How did you come up with your last name?
KEATON: I got a job and somebody said, “There’s a Mike Douglas and a Michael Douglas, so you can’t use the name.” I said, “Yeah, I can.” I actually liked the name. And they said, “You have to change it.” I never really got around to doing it, but they said, “You have to change it before you can start work.” Ironically, Michael Douglas’ last name is not Douglas. So, I went down the alphabet. My real name is John. Where I come from, everybody had a nickname, but it changed, every week. So, I was in the Ks and I picked it. I thought I’d change it later to something really cool, but I never changed it. It seemed to fit.
You just picked it at random?
What was life like, after Night Shift? How was it to go from auditioning to overnight movie star?
KEATON: There was a big leap within the business. That film was successful enough, but it wasn’t a giant hit. But inside the business, things accelerated rapidly. And then, Mr. Mom was quite successful, especially since it was made for very little money. I was bankable and hireable. Mr. Mom was a John Hughes script. It was his first big thing. I remember telling him that he should direct it, but he didn’t.
How did you come up with your performance in Beetlejuice?
KEATON: Tim Burton is unique, original and an artist. He had this thing. He saw the visuals and the bigger picture, but he couldn’t quite [figure it out]. He tried to describe it to me, but I didn’t know what he was talking about, so I wasn’t going to do the movie. Then, I saw him again, and he’s a good guy and really funny, but I just couldn’t understand it. It wasn’t quite there yet. It was more of a conceit of something. He saw the big visuals of the house, and all of that. He gave me a couple of things, so I told him to give me a day. I gathered a giant collection of wardrobe from various time periods, and I wanted to do these teeth. He’s a little dangerous and scary. I knew that I wanted hair like that, and I had a walk that I wanted to do. So, we got the striped suit, and I walked into the make-up trailer and said, “Let’s see if this works.” It was all so freeing because I couldn’t say, “My character wouldn’t do that.”

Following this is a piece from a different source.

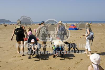 Young mothers with pushchairs and young children walking on beach in August, Woolacombe, Devon, UK

KEATON: Glenn Caron, who’s a really underrated director, came to me and said, “I’ve got this thing I want to do.” It was really well written material. I wasn’t necessarily looking to be taken seriously because that’s making the assumption that people are even thinking about you, at all. I just thought it was good material. I didn’t think, “Yes, this is my chance!” It was just the next job, and I really, really enjoyed it. At the time, there was not a big independent film scene. Now, that movie would have been at Sundance.
What do you look for in a director, and what do you want from your director?

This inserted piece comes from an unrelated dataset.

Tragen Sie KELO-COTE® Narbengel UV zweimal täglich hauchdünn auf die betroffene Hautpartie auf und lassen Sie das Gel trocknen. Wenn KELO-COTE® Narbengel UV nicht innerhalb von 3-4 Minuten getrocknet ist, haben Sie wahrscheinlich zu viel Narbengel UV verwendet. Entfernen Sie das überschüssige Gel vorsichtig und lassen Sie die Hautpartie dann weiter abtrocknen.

KEATON: It depends. Alejandro [González Iñárritu] is very, very, very hands-on. He talks about the scene, the dialogue, the specific lines, and everything. It’s sometimes tricky when you don’t know what they do. You have to feel out the person and know their movies. It really changes with everyone.

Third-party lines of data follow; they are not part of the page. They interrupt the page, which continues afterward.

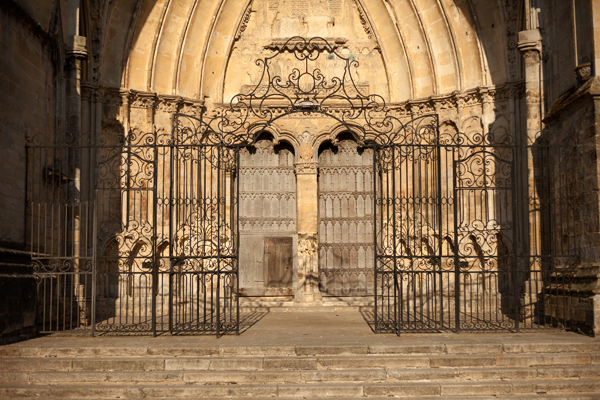 La cathédrale subit d'importants dommages pendant la guerre de Cent Ans (1353, 1375) et lors des guerres de religion; elle fit l'objet d'une réhabilitation et d'une nouvelle consécration en 1494.
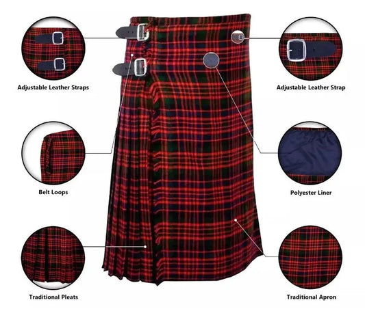 Scottish Macauley Red Modern Tartan Kilt For Men Custom Handmade Traditional 8 Yard kilts
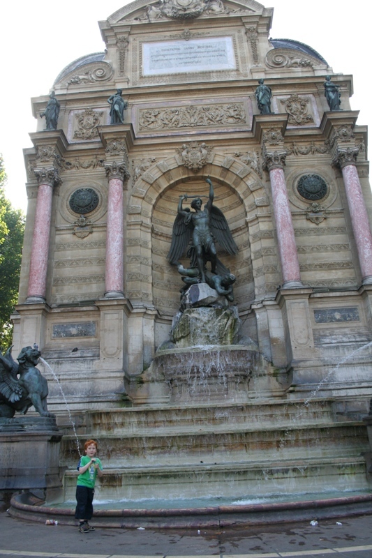 По улице Юшет дошли до площади Сен-Мишель. Пофоткались на фоне фонтана Святого Михаила, вспомнив, как в нашу прошлую поездку, какой-то умелец налил в него шампунь, отчего чаша фонтана напоминала джакузи.

How was it to work with Quentin Tarantino on Jackie Brown?
KEATON: He’s Quentin, and he’s really high-energy. He really wants to talk about the scenes a couple of times and discuss it. He’s really, really hands-on, a bit like Alejandro, and he’s really specific. He’s so good with language and words. He sits right there, very close, and wants to talk to you a little bit. I thought it was lazy thinking to hear, “Once you’ve cast it, you’re pretty much there,” but I’m starting to believe that’s really true. Once you have the right actor, then you know where to move them or what you want to get out of them.”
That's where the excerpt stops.